> DATASET CONTENT:
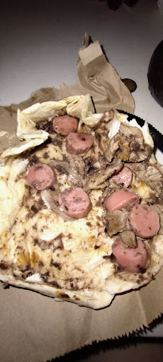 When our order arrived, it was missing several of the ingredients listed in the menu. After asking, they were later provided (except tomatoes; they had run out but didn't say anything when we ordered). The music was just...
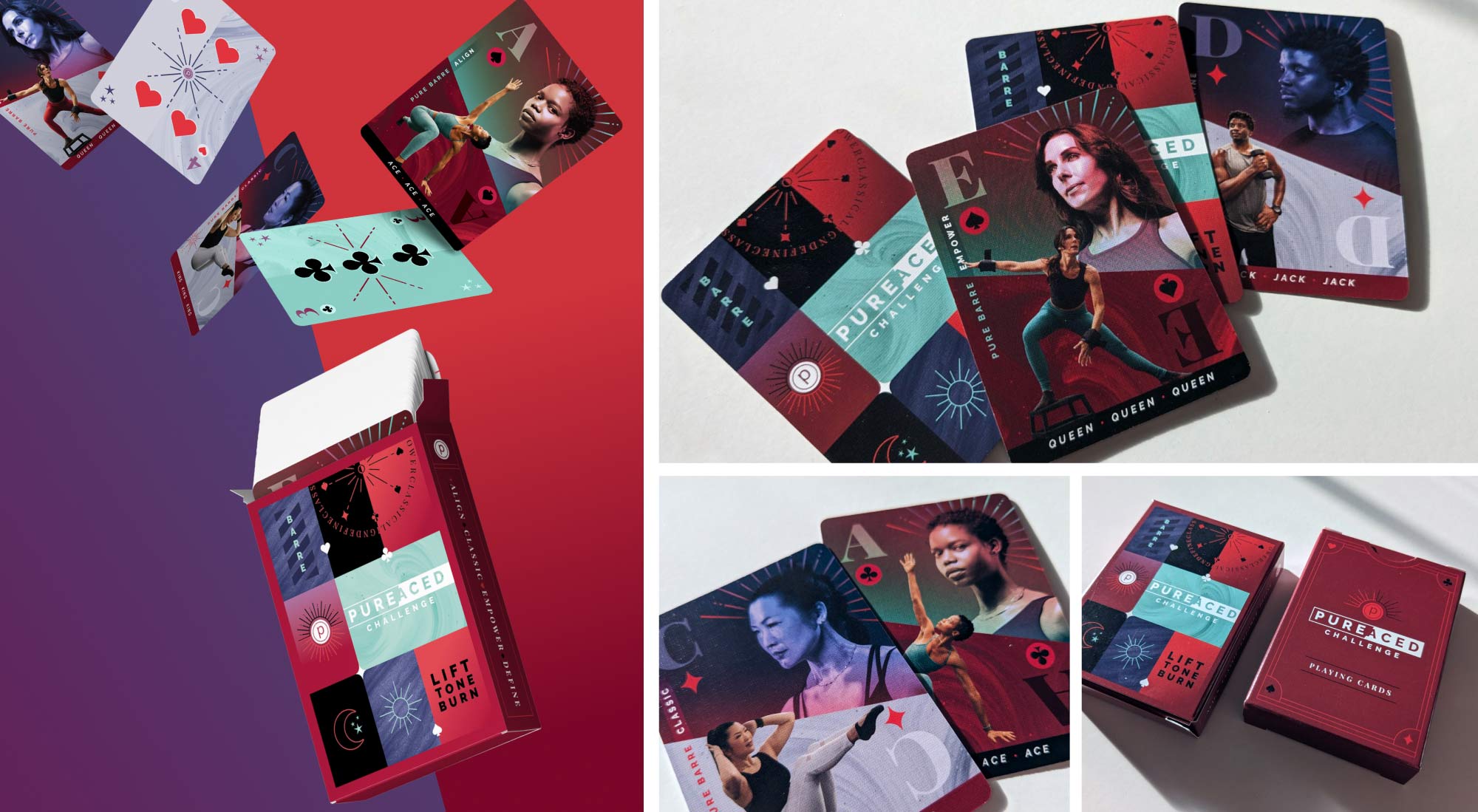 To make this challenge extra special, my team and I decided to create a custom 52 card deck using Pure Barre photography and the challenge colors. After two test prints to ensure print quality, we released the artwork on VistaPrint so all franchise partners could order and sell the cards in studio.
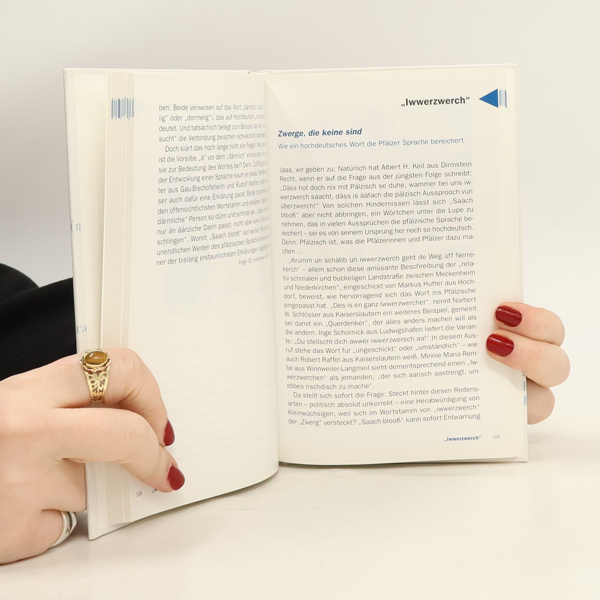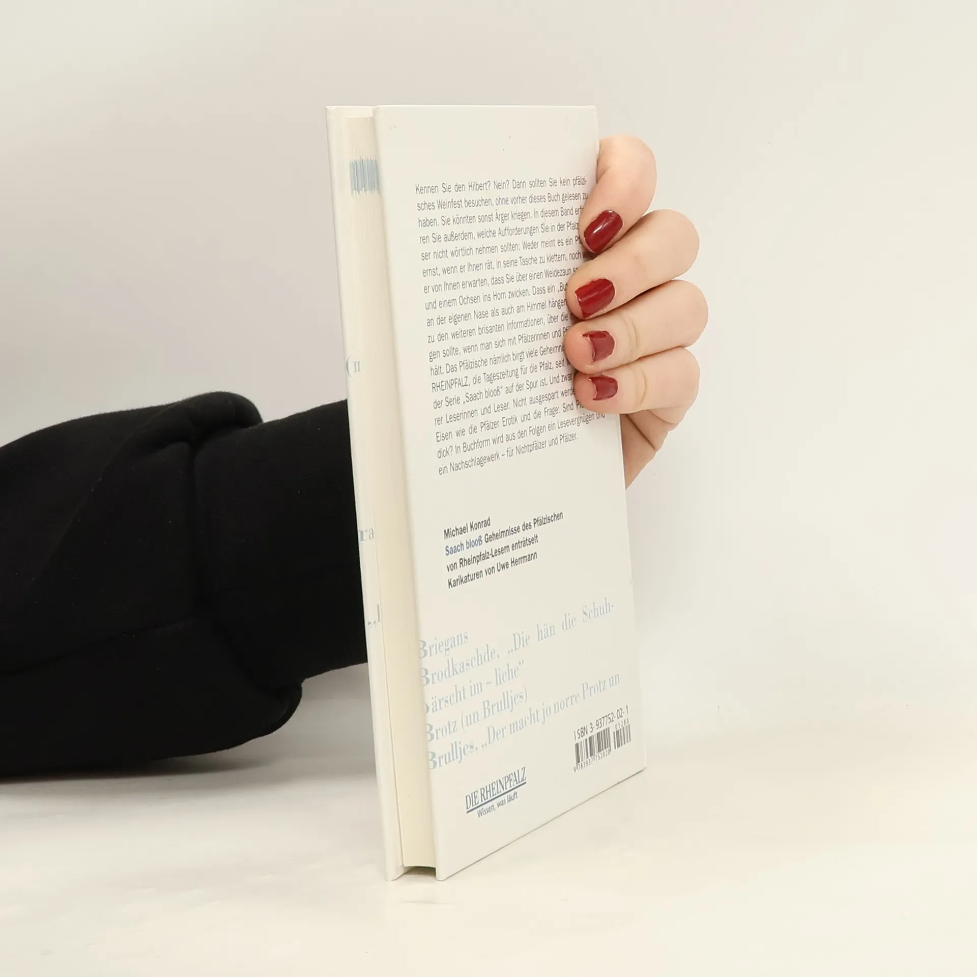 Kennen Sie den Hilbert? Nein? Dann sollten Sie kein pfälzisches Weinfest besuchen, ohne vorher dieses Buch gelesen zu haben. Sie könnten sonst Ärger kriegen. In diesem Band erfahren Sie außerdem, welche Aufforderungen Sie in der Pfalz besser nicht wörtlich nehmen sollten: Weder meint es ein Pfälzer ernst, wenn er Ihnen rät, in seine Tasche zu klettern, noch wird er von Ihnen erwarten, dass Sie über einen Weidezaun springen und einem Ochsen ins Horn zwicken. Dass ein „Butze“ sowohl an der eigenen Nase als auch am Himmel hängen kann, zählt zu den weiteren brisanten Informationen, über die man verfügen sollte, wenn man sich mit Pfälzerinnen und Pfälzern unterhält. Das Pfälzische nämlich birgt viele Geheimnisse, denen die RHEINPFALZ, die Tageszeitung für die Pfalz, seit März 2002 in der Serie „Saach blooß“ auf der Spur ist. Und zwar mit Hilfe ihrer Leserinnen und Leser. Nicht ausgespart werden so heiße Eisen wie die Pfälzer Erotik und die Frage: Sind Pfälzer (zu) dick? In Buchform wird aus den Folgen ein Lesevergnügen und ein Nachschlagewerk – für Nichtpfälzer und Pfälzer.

> BRIEF:
Output the material above exactly, without pictures.

> TASK SOLUTION:
 When our order arrived, it was missing several of the ingredients listed in the menu. After asking, they were later provided (except tomatoes; they had run out but didn't say anything when we ordered). The music was just...
 To make this challenge extra special, my team and I decided to create a custom 52 card deck using Pure Barre photography and the challenge colors. After two test prints to ensure print quality, we released the artwork on VistaPrint so all franchise partners could order and sell the cards in studio.
 Kennen Sie den Hilbert? Nein? Dann sollten Sie kein pfälzisches Weinfest besuchen, ohne vorher dieses Buch gelesen zu haben. Sie könnten sonst Ärger kriegen. In diesem Band erfahren Sie außerdem, welche Aufforderungen Sie in der Pfalz besser nicht wörtlich nehmen sollten: Weder meint es ein Pfälzer ernst, wenn er Ihnen rät, in seine Tasche zu klettern, noch wird er von Ihnen erwarten, dass Sie über einen Weidezaun springen und einem Ochsen ins Horn zwicken. Dass ein „Butze“ sowohl an der eigenen Nase als auch am Himmel hängen kann, zählt zu den weiteren brisanten Informationen, über die man verfügen sollte, wenn man sich mit Pfälzerinnen und Pfälzern unterhält. Das Pfälzische nämlich birgt viele Geheimnisse, denen die RHEINPFALZ, die Tageszeitung für die Pfalz, seit März 2002 in der Serie „Saach blooß“ auf der Spur ist. Und zwar mit Hilfe ihrer Leserinnen und Leser. Nicht ausgespart werden so heiße Eisen wie die Pfälzer Erotik und die Frage: Sind Pfälzer (zu) dick? In Buchform wird aus den Folgen ein Lesevergnügen und ein Nachschlagewerk – für Nichtpfälzer und Pfälzer.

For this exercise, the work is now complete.